Task goal: Would you repeat word for word the lines of the listing that follows, from the one with "另据4月23日的《病程记录》" up to and including the one with "Taş kulak tak mor", and leave out the images?

Input data:
^^^^

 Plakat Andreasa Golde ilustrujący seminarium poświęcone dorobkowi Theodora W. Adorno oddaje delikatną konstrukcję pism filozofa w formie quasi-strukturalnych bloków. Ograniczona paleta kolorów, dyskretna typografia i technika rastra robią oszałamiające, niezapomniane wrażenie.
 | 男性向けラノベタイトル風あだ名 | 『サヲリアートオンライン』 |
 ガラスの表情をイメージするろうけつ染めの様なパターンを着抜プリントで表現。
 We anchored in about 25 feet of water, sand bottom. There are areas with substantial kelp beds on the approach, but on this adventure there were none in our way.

^^^^

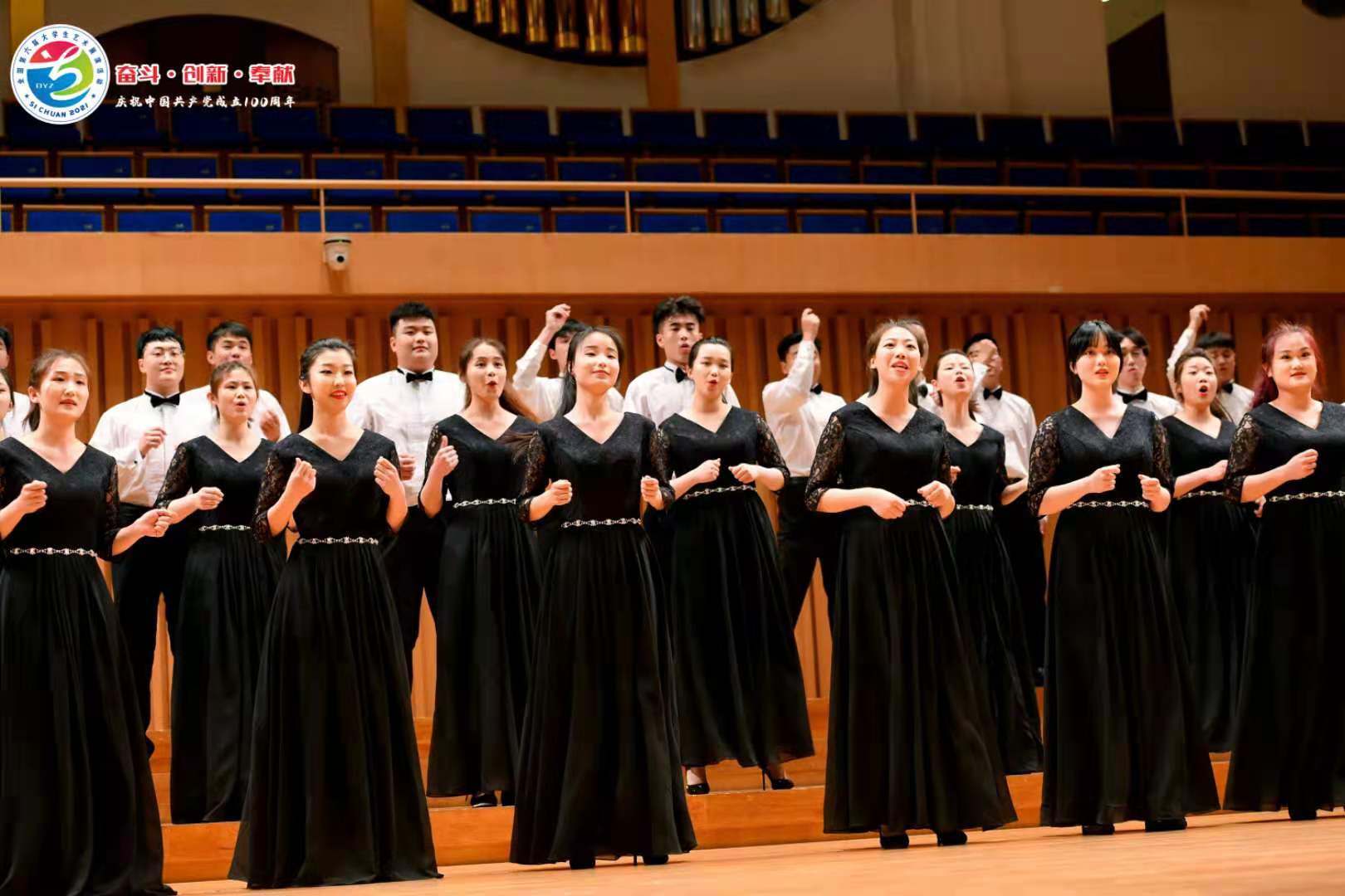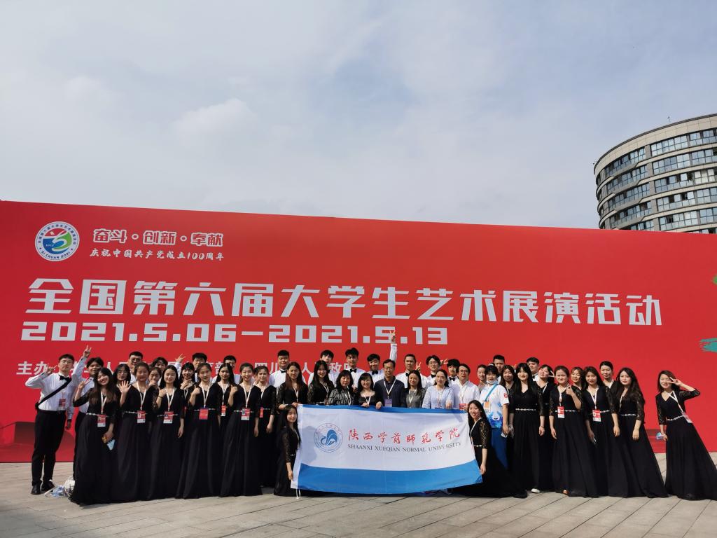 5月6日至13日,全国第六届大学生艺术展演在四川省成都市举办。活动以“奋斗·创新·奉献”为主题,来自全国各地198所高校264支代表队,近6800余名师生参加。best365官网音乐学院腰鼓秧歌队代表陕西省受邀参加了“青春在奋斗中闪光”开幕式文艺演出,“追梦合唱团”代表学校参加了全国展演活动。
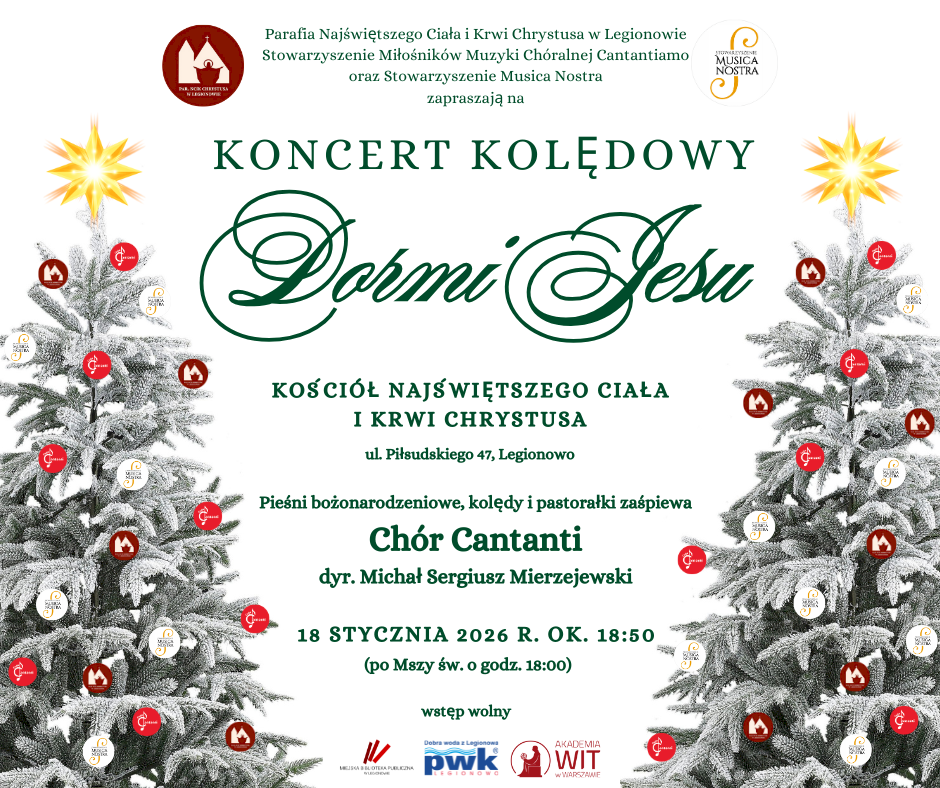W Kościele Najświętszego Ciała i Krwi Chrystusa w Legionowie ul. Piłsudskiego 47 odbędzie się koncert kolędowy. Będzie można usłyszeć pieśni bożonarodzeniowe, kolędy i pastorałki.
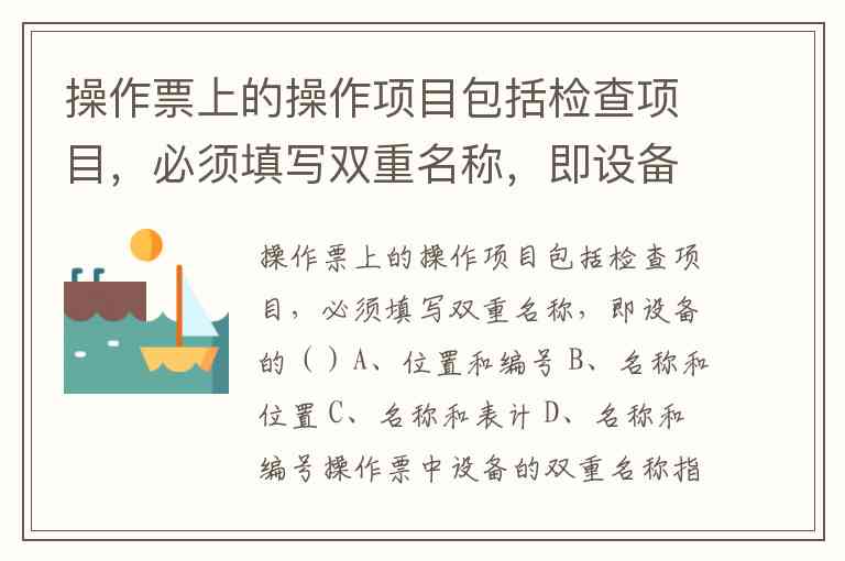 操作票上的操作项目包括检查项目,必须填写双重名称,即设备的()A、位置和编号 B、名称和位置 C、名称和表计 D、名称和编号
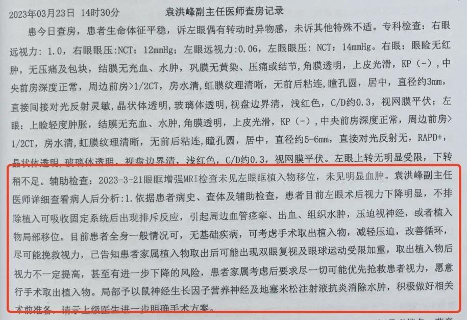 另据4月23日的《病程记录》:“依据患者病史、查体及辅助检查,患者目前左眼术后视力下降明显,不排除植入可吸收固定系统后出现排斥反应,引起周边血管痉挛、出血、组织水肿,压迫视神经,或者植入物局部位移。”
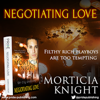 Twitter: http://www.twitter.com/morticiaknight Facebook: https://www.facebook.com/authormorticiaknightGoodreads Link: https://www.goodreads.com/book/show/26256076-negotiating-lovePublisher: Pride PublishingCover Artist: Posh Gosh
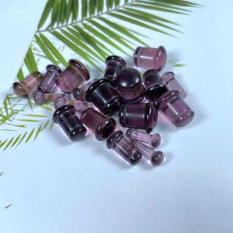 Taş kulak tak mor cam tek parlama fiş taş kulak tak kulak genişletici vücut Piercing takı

^^^^

Response to the exercise:
 另据4月23日的《病程记录》:“依据患者病史、查体及辅助检查,患者目前左眼术后视力下降明显,不排除植入可吸收固定系统后出现排斥反应,引起周边血管痉挛、出血、组织水肿,压迫视神经,或者植入物局部位移。”
 Twitter: http://www.twitter.com/morticiaknight Facebook: https://www.facebook.com/authormorticiaknightGoodreads Link: https://www.goodreads.com/book/show/26256076-negotiating-lovePublisher: Pride PublishingCover Artist: Posh Gosh
 Taş kulak tak mor cam tek parlama fiş taş kulak tak kulak genişletici vücut Piercing takı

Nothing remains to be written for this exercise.